** PROVIDED RECORDS follows **

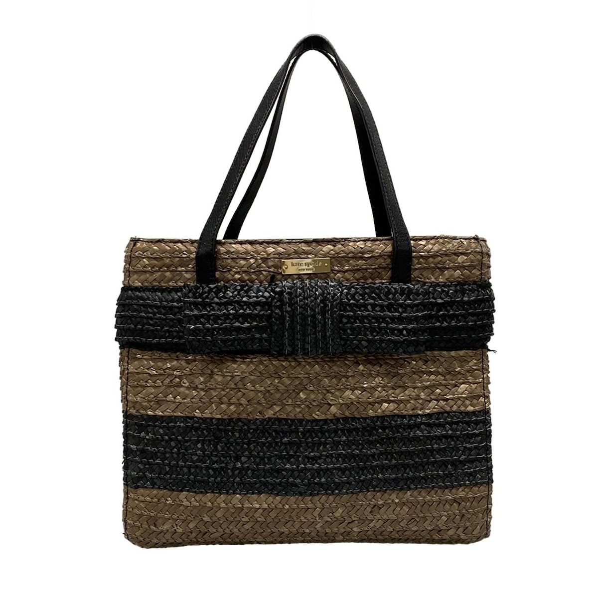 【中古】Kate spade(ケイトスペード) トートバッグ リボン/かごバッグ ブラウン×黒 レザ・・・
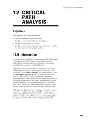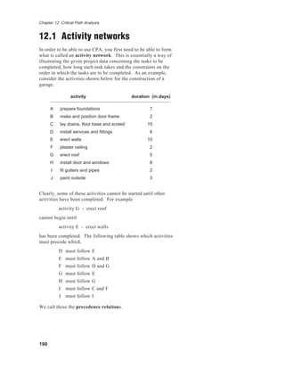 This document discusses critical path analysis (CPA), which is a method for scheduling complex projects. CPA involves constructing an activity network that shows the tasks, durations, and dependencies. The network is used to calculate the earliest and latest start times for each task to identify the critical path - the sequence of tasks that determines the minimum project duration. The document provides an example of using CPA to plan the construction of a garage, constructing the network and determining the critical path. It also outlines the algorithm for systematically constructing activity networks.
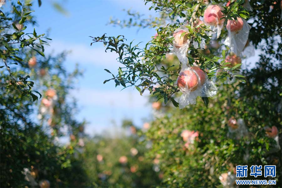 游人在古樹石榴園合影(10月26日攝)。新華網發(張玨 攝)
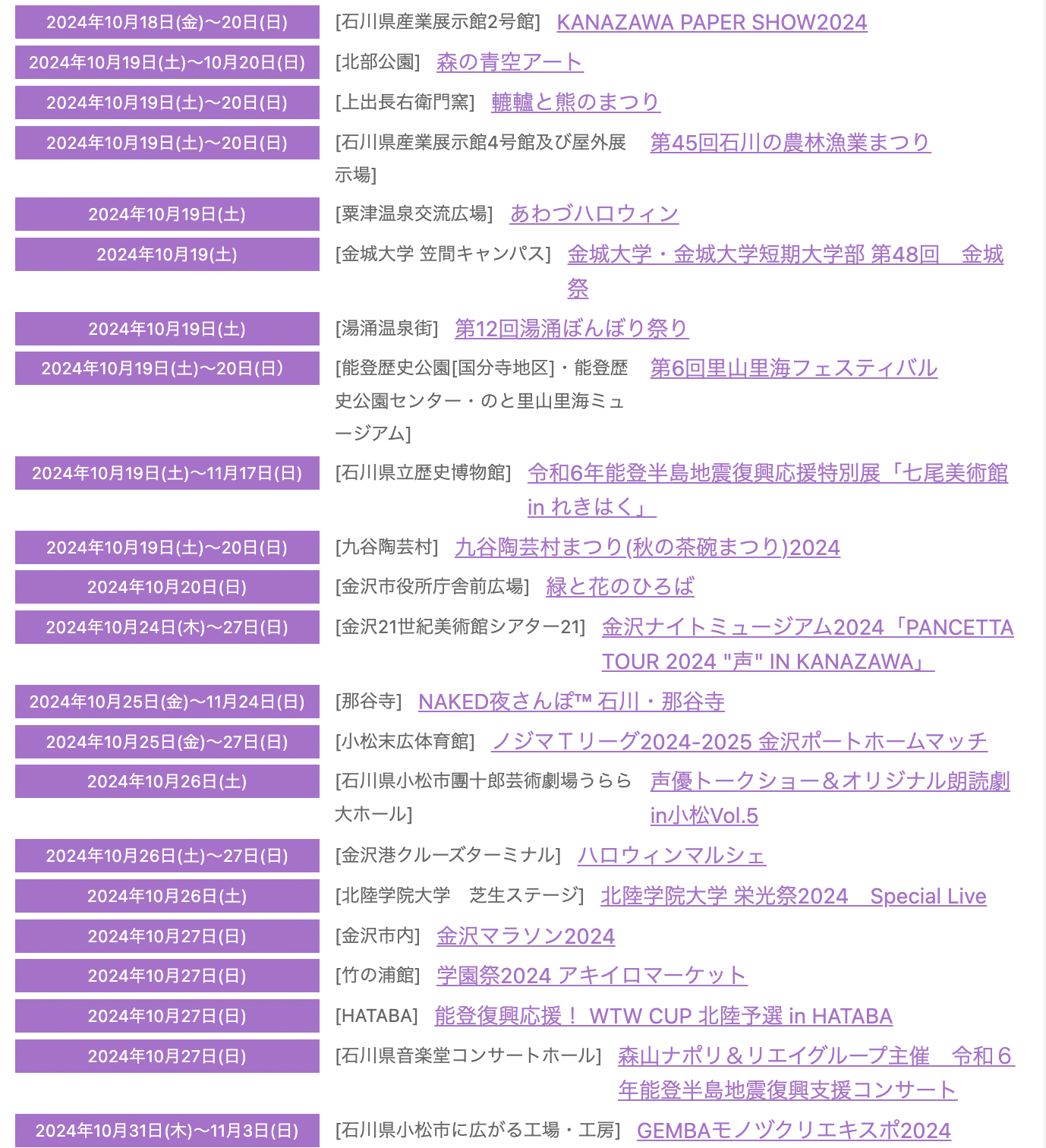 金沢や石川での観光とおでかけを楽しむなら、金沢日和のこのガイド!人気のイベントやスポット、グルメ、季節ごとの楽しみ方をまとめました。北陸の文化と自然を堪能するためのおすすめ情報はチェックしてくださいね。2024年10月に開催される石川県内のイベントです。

** End of PROVIDED RECORDS **
** PROVIDED RECORDS follows **

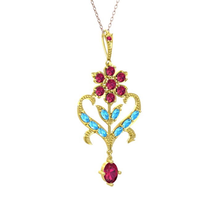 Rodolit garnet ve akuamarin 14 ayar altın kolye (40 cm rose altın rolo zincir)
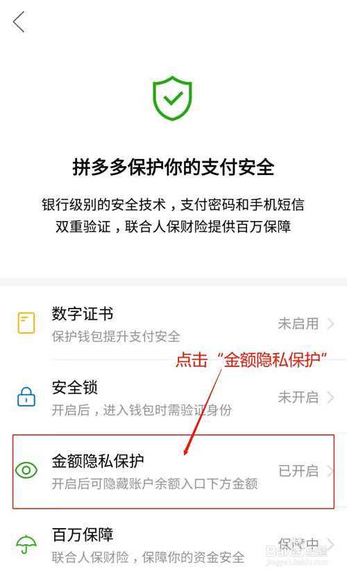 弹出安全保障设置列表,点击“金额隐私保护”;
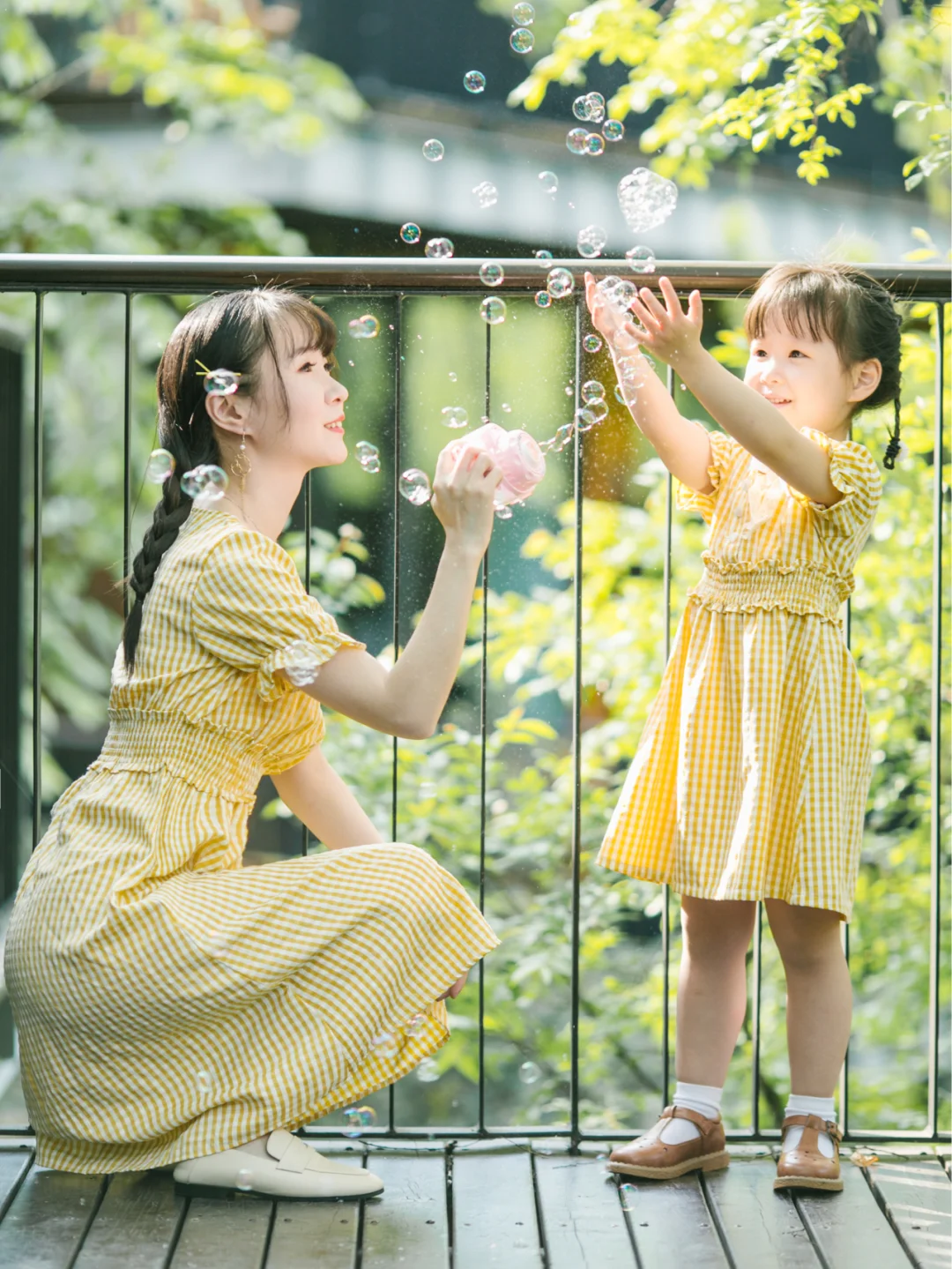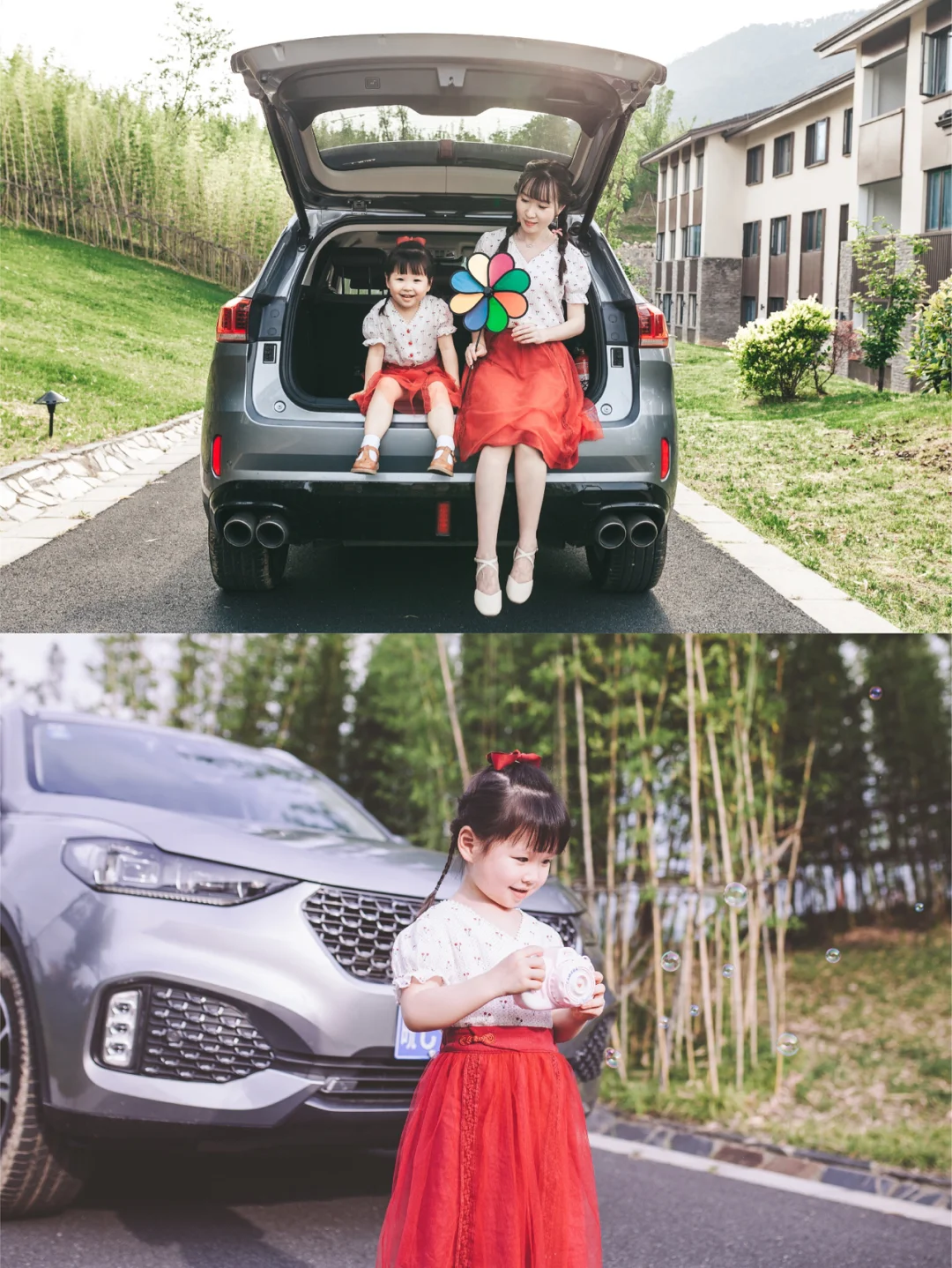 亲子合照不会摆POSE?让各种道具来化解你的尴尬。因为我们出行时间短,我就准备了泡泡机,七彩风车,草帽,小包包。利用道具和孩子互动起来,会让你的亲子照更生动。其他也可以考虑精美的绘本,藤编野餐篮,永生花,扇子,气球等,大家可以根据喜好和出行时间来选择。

** End of PROVIDED RECORDS **

*TASK GOAL*: In the listing above, the required lines run from the line with "Rodolit garnet ve" through the line with "亲子合照不会摆POSE?让各". Output exactly those lines, omitting pictures.

*FINISHED TASK*:
 Rodolit garnet ve akuamarin 14 ayar altın kolye (40 cm rose altın rolo zincir)
 弹出安全保障设置列表,点击“金额隐私保护”;
 亲子合照不会摆POSE?让各种道具来化解你的尴尬。因为我们出行时间短,我就准备了泡泡机,七彩风车,草帽,小包包。利用道具和孩子互动起来,会让你的亲子照更生动。其他也可以考虑精美的绘本,藤编野餐篮,永生花,扇子,气球等,大家可以根据喜好和出行时间来选择。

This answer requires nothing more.